Подобные представления о исключительности славянского языка, утверждение его сакрального характера делали для Шишкова перевод Библии на русский язык недопустимой профанацией Священного Писания, от которой оставался один шаг и до покушения на незыблемые устои государственного и общественного строя: "В прежних письмах моих имел я честь объяснить Вашему Сиятельству [Шишков обращается к Аракчееву] о продолжающихся и ныне покушениях и стараниях продолжать собрания Библейских обществ и распространять не переводы, а, так сказать, перекладку Священных Писаний с высокого и важного языка на простонародное наречие: два сильнейшие орудия революционных замыслов"; "Переводы Священного Писания с высокого языка (называемого Славенским) на простой, в общежитии употребляемый язык (называемый Русским), под предлогом лучшего разумения церковных книг придуманы для уменьшения их важности и поколебания Веры"; "Трудно доказать надобность, но не трудно сыскать причину сих переводов, очевидно состоящую в том, чтобы, согласно с намерениями Библейских обществ, исказить и привести в неуважение Священные книги, изменяя в них язык Церкви в язык театра" . Перевод Священного Писания непременно, согласно Шишкову, должен привести и к переходу церковного богослужения на русский язык, о чем нельзя и "подумать без ужаса": "Подобная мысль [славянский язык перестал быть понятным] поведет нас к заключениям, что и всю церковную службу должно переложить на простонародный язык" .
Такая позиция решительно отрицала саму возможность перевода как такового и, в конечном итоге, вела к той же тупиковой ситуации, в которой в свое время оказалась Католическая Церковь в связи с запретами использовать какой либо другой библейский текст помимо латинской Вульгаты и читать Священное Писание мирянам. В пафосе своего неприятия русского перевода и в борьбе за чистоту веры Шишков, по существу, договаривался и до прямого запрета на чтение Слова Божьего: "Чтение Священных книг состоит в том, чтобы истребить Правоверие, возмутить отечество и произвесть в нем междоусобия и бунты <...> Переводы Священных Писаний на простое наречие и распространение их в неимоверном количестве экземпляров есть также одно из средств, придуманное в Библейских обществах к поколебанию Веры"; "В напечатании столько Библий, чтобы каждый в Государстве человек мог ее иметь (так сказано в Отчетах). Что ж из этого последует? Употребится страшный капитал на то, чтоб Евангелие, выносимое с такой торжественностью, потеряло важность свою, было измарано, изодрано, валялось под лавками, служило оберткою каких-нибудь домашних вещей и не действовало более ни над умами, ни над сердцами человеческими" . Так отвергался основной тезис Библейских обществ о том, что Слово Божие для каждого верующего должно быть доступно на понятном, родном языке.

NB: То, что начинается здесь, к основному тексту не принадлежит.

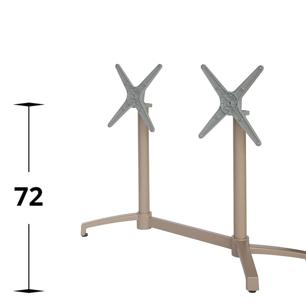Das Tischgestell hat eine Klappfunktion und einen herausnehmbaren Gewichtseinsatz für mehr Stabilität.
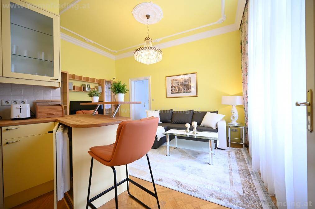 schön möblierte Wohnung in einem Jugendstilhaus aus dem Jahre 1899 in einer verkehrsarmen Parallelstraße zur Mariahilfer Straße.
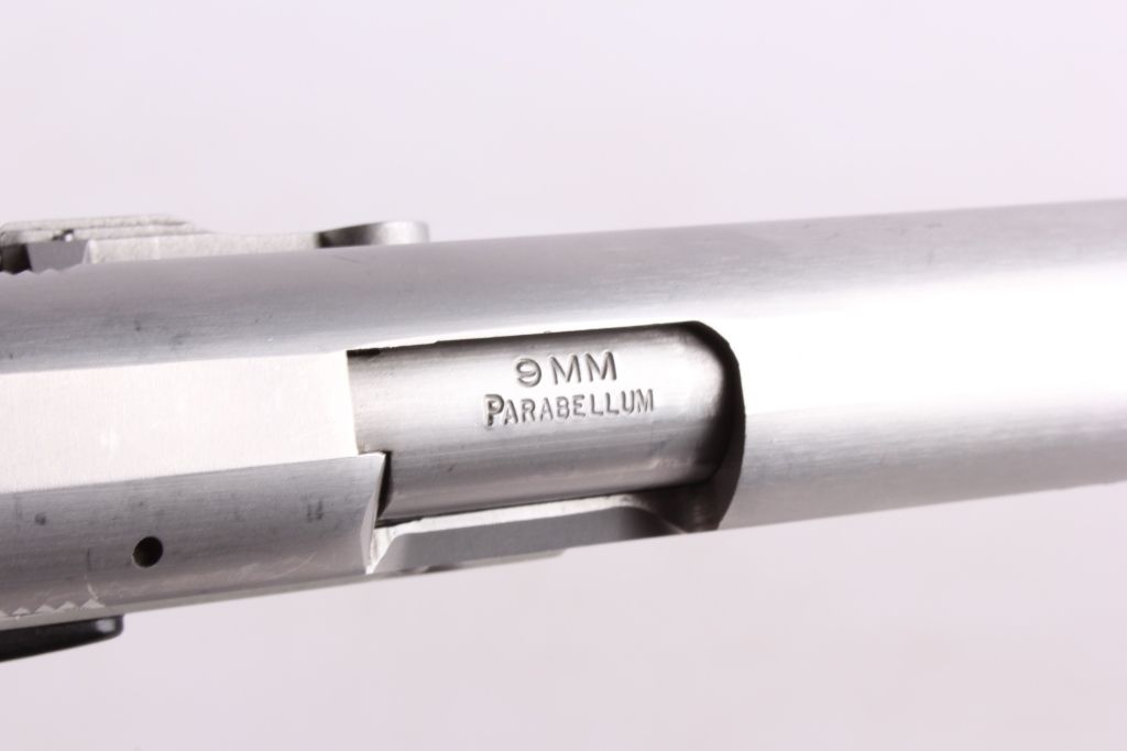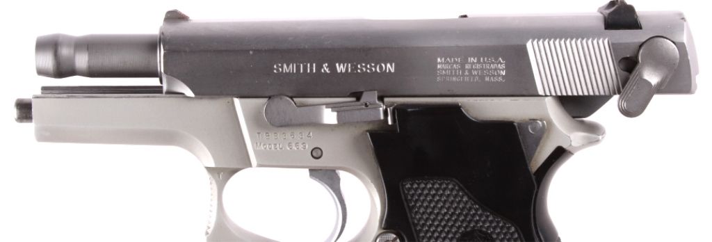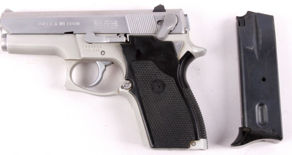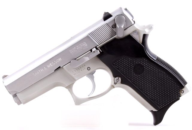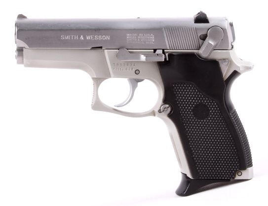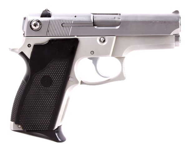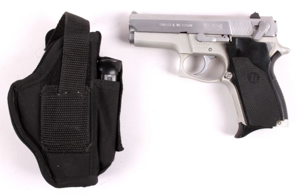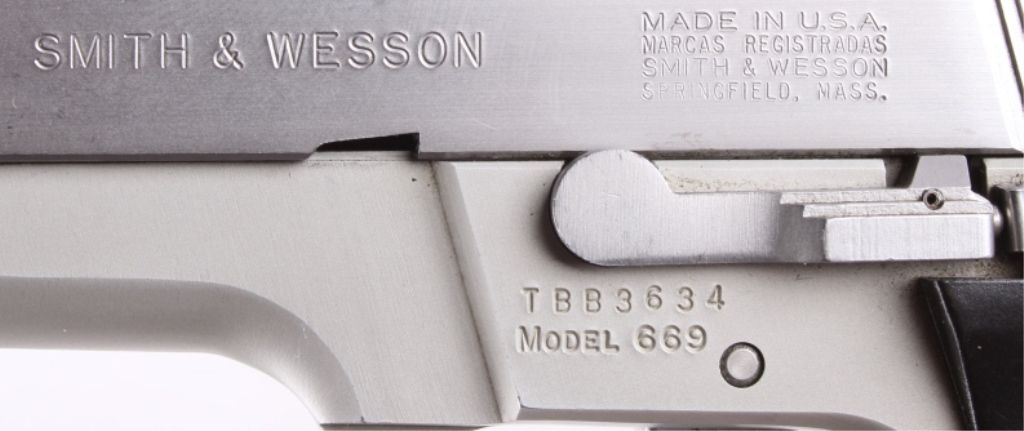 This is a 9mm auto loading Smith & Wesson Model 669 that comes with two clips and a holster. The gun is in excellent condition and has a double action trigger.

В своем же логическом развитии взгляды Шишкова неумолимо вели к утверждению приоритета языка над смыслом текста. В ситуации славянской Библии, когда язык утратил свою коммуникативную функцию, это фактически должно было означать предпочтение славянского языка Слову Божьему. По существу, язык становился священнее Священного Писания, что сводило, например, предназначение литургического чтения разве к некому сакральному звучанию. (Казалось бы, нет никакой необходимости доводить тезисы Шишкова до подобных выводов, абсурдность которых очевидна, однако, что поразительно, и такому, по определению, "бессмысленному" восприятию могла усваиваться своя значимость, порой вполне серьезно фигурирующая в качестве аргумента против русского перевода).
Роль Шишкова в истории русского перевода не ограничилась теоретическими возражениями. Его настойчивостью перевод был свернут организационно. По всей видимости, не без его инициативы произошло и позорное сожжение тиража первого тома русской Библии. За это говорит весь характер его участия в истории с переводом. И хотя о подробностях данного прискорбного события не сохранилось прямых документальных свидетельств, имя Шишкова вполне отчетливо слышится за словами свят. Филарета по этому поводу: "...дело произведено не по зрелому рассмотрению духовного начальства, а по случайному возбуждению кого-нибудь из тех, на которых владыка Киевский указывал в 1825 году [Филарет (Амфитеатров), тогда еще епископ Калужский], как на людей, не призванных ни Богом, ни начальством" .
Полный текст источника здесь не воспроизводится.